Riaprono le scuole e gli asili, dai nidi alle materne, ma in Friuli Venezia Giulia nel settore si fanno i conti con gli aumenti dei costi energetici.
“Serpeggia una certa preoccupazione fra le cooperative impegnate nei servizi all’infanzia, specialmente in vista dei mesi invernali, quando i costi del riscaldamento si faranno sentire e peseranno i rincari, dopo che già lo scorso inverno le bollette energetiche erano state significativamente superiori agli anni normali“, conferma Luca Fontana, presidente regionale di Confcooperative Federsolidarietà (154 cooperative sociali aderenti, una trentina quelle operanti nel settore educativo).

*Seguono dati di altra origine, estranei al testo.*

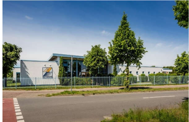
Allresist company building after the second extension in 2018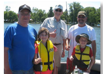
Environmental Grant - Fishing Essay Contest

*** All previous presidents served as board members.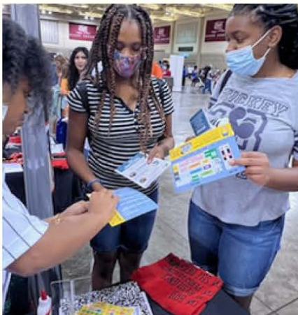
UB outreach specialist assisting UB students at Back to School Bash.

Baton Rouge Community College Receives $3 million in federal grants to continue Upward Bound.

Dopo la “pausa” estiva, con il rientro in classe degli studenti e la riapertura dei nidi (quasi mille i bambini nei nidi gestiti dalle cooperative sociali aderenti a Federsolidarietà in Fvg) le cooperative fanno i conti con costi di gestione letteralmente esplosi. Si parla di incrementi dal 119 al 127% per il riscaldamento a Trieste. Dal +99 al +189 per cento in provincia di Udine. Più variegato il dato sul costo dell’energia elettrica, si parla di aumenti dal +52 al +110 per cento.
“Gli aumenti della bolletta energetica stanno comportando, in media, un raddoppio dei costi per questa voce di spesa. A questi, si aggiungono i notevoli aumenti dei costi dei servizi di cucina, dove anche le materie prime, che devono rispettare specifici standard qualitativi, sono aumentate di 30-40 per cento rispetto al 2021“, sottolinea Fontana.
Gli aumenti si sono già fatti sentire nell’anno scolastico 2021/2022: per fare qualche esempio, in un nido della provincia di Udine con una cinquantina di bambini, i costi del riscaldamento sono cresciuti, già nei primi sette mesi del 2022, di un +158 per cento rispetto al 2021. Ci sono poi i costi delle cucine: qui ai costi energetici si somma l’aumento delle materie prime, nell’ordine di un +30/40 per cento, e che può incidere per alcune migliaia di euro sui conti anche di un piccolo nido.
“È possibile – conclude preoccupato Fontana – che anche le risorse stanziate con il decreto ter per sostenere le strutture socioassistenziali possano non essere sufficienti o lasciare scoperti alcuni settori”.